La-doped YFeO₃ ceramics, namely Y_1-_x La _x FeO₃ (x = 0.1, 0.2, 0.3, 0.4) were prepared by sol-gel method and high-temperature sintering method, then the YFeO₃ ceramics before and after La doping was characterized by means of scanning electron microscope (SEM), X-ray diffractometer (XRD), energy dispersive spectrometer (EDS) and network vector analyzer (VNA). So that the effect of the La³⁺ doping amount on the micromorphology, phase constituents, chemical composition, electromagnetic parameters and microwave absorption performance of Y_1-_x La _x FeO₃ were studied. The result shows that as the La doping amount increases, the grain size is gradually decreasing and the grain boundaries are gradually blurred of the ceramics, which may be related to the enhanced preferential orientation of grains and incomplete replacement of the doping atoms. The analysis results confirm that the prepared ceramics consist merely of the YFeO₃-type phase, and La³⁺ can replace the Y³⁺ position in the YFeO₃ crystal. It is clear that an appropriate amount of La doping can effectively increase the impedance matching and attenuation coefficients of YFeO₃ ceramic powder. The increase in the dielectric constant may be attributed to the hopping of electrons between Fe³⁺ and Fe²⁺ in the case of La doping. The effective absorption broadband (RL ≤ -10 dB) of Y_0.7La_0.3FeO₃ can reach 2.84 GHz.

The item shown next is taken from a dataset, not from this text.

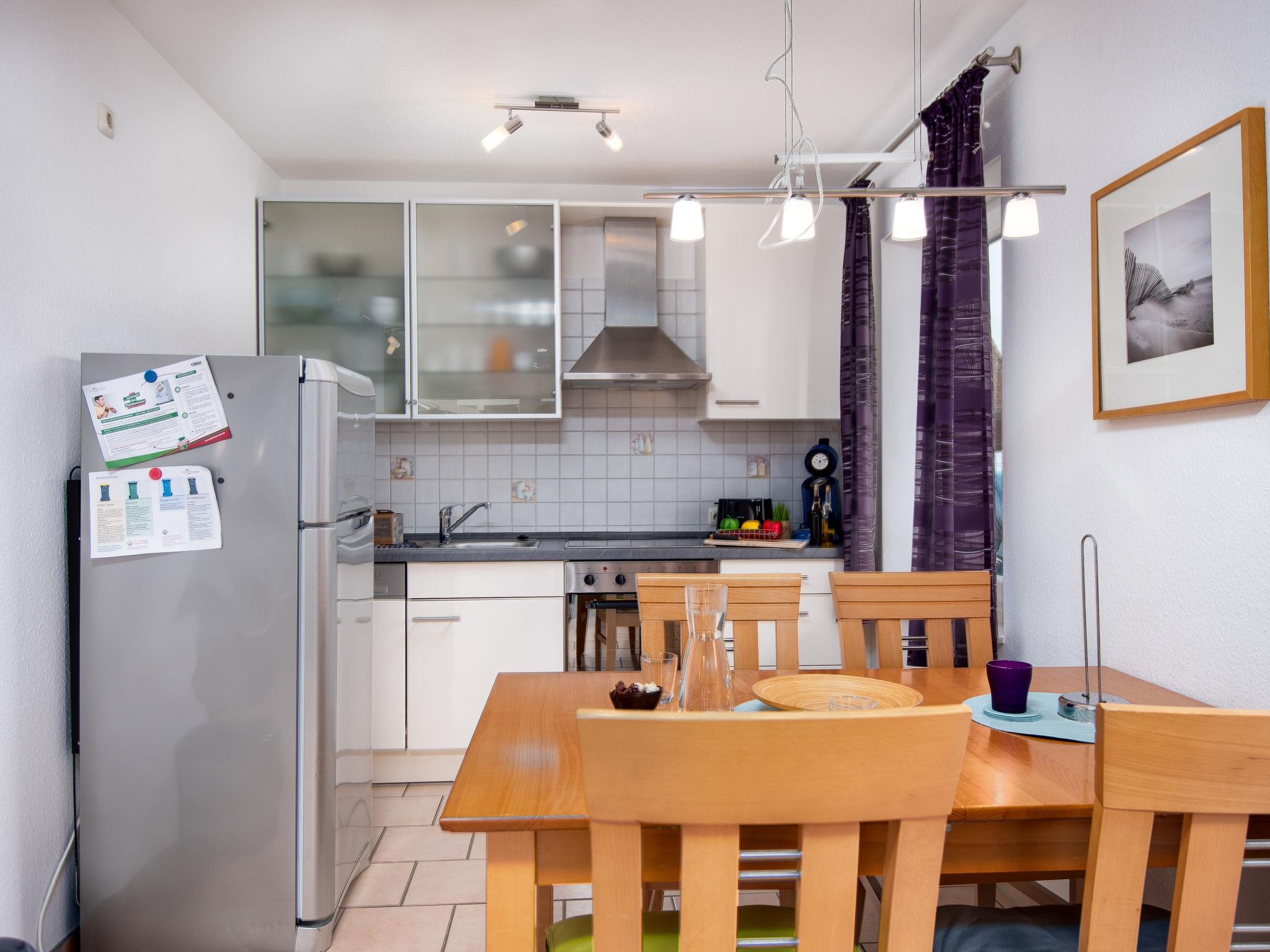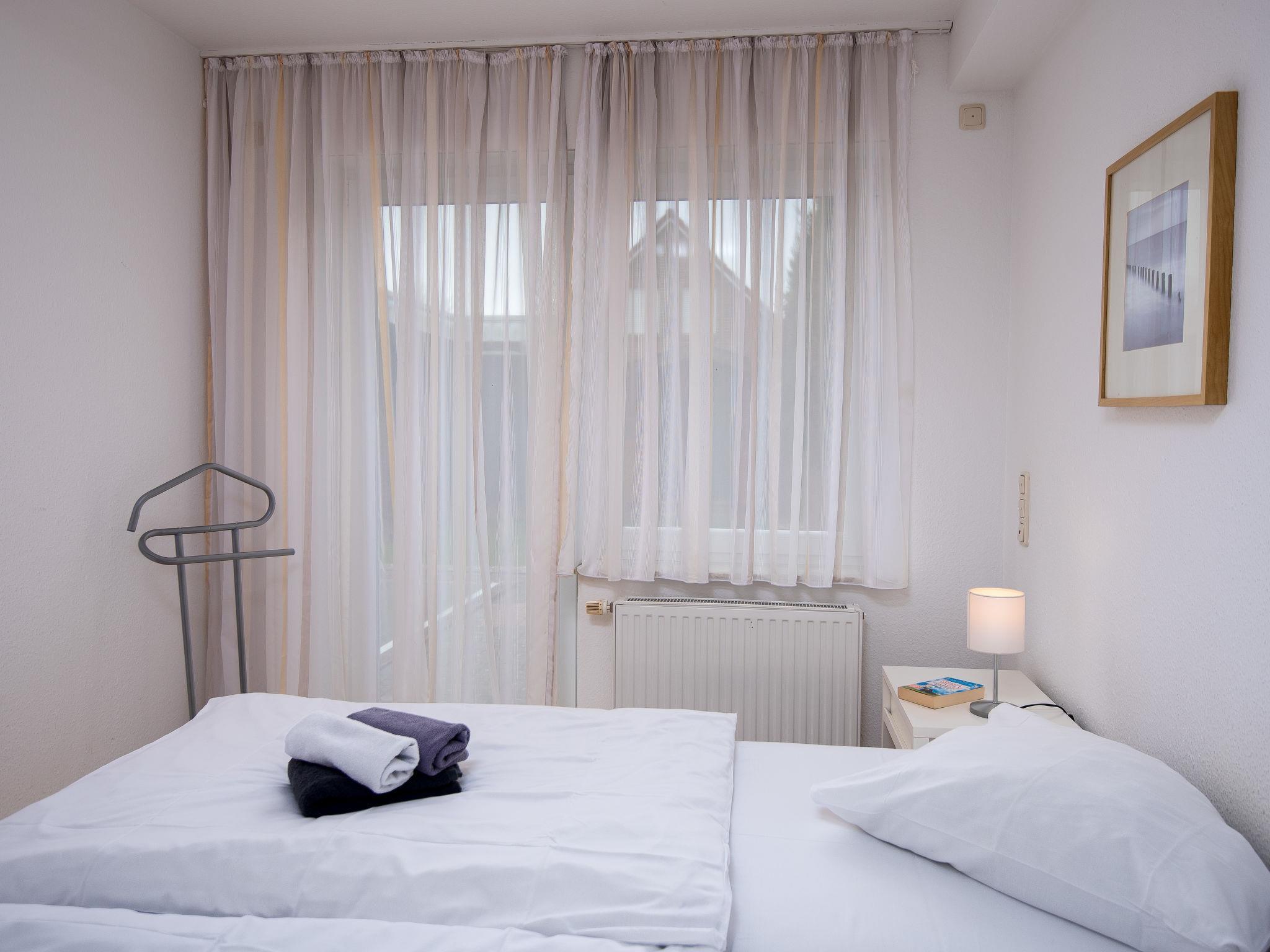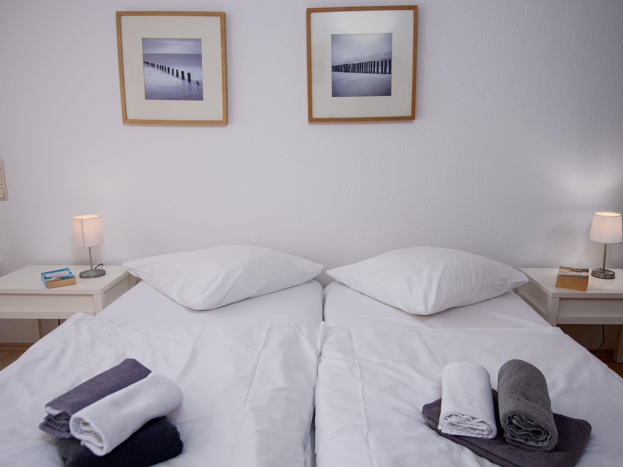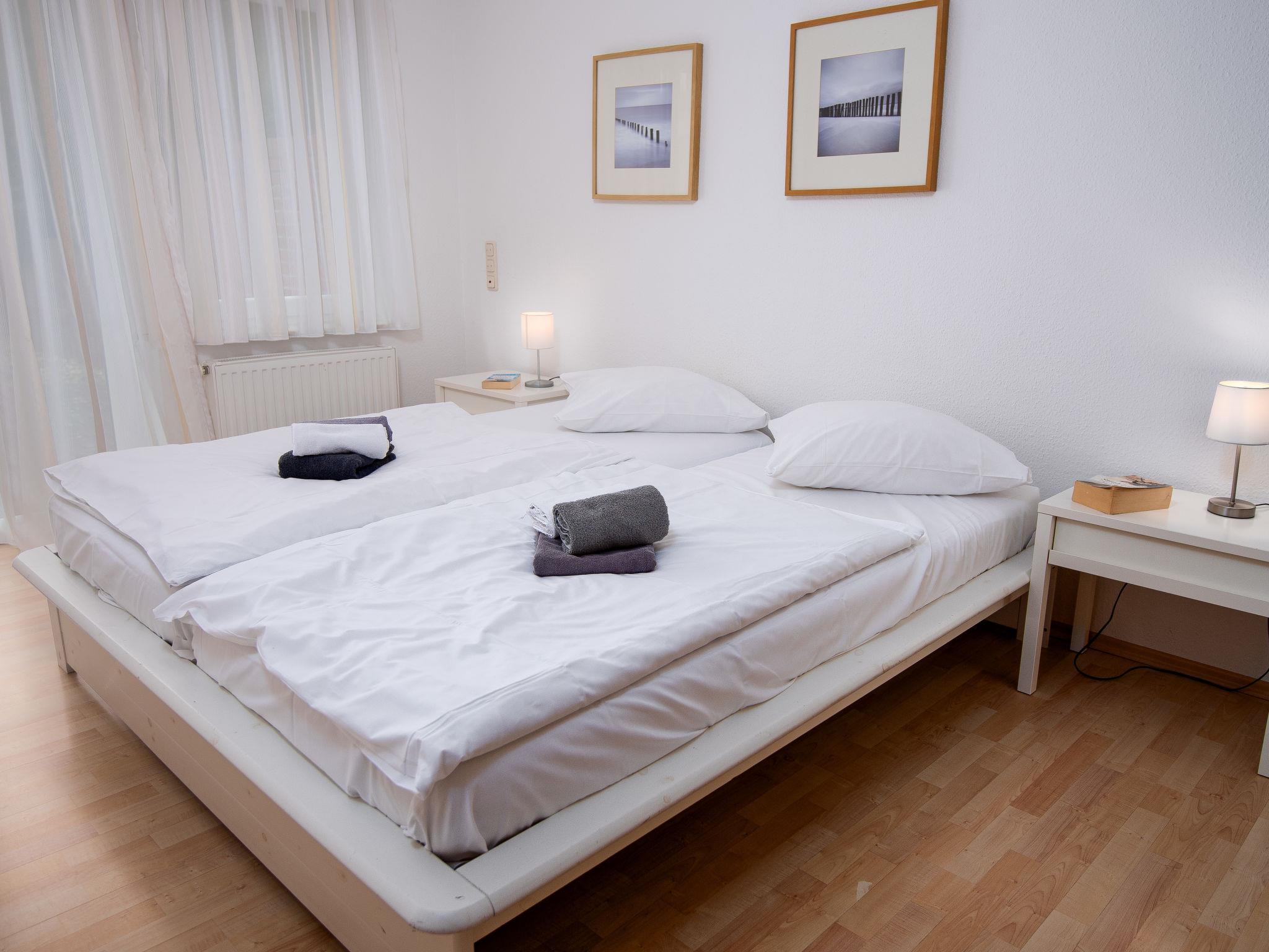 3-Zimmer-Wohnung 65 m2, im Erdgeschoss. Geschmackvoll und gemütlich eingerichtet: Wohn-/Esszimmer mit Sat-TV (Flachbildschirm), Radio, DVD und elektrischem Rollladen. Ausgang zur Terrasse. 1 Zimmer mit 1 Doppelbett (2 x 90 cm, Länge 200 cm). 1 Zimmer mit 1 x 2 Etagenbetten (90 cm, Länge 200 cm). Kochnische (Backofen, Geschirrspüler, 4 Glaskeramikplatten, Toaster, Wasserkocher, Mikrowelle, elektrische Kaffeemaschine, Kapseln für die Kaffeemaschine (Senseo) extra). Dusche/WC, sep. WC. Terrassenmöbel, Gartengrill (mobil). Zur Verfügung: Waschmaschine, Kinderhochstuhl (extra). Internet (Wireless LAN, gratis). Bitte beachten: Nichtraucher-Unterkunft. Rauchmelder.

Key words: inorganic non-metallic materials special functional microwave absorbing materials doping modification YFeO₃ electromagnetic parameters

Received: 11 July 2024

ZTFLH:

TB34

Fund: National Science and Technology Major Project(J2019-VI-0015-0130);Shaanxi Province Youth Science and Technology New Star Project(2023KJXX-075);Youth Innnovation Team of Shaanxi Province Project(23JP072)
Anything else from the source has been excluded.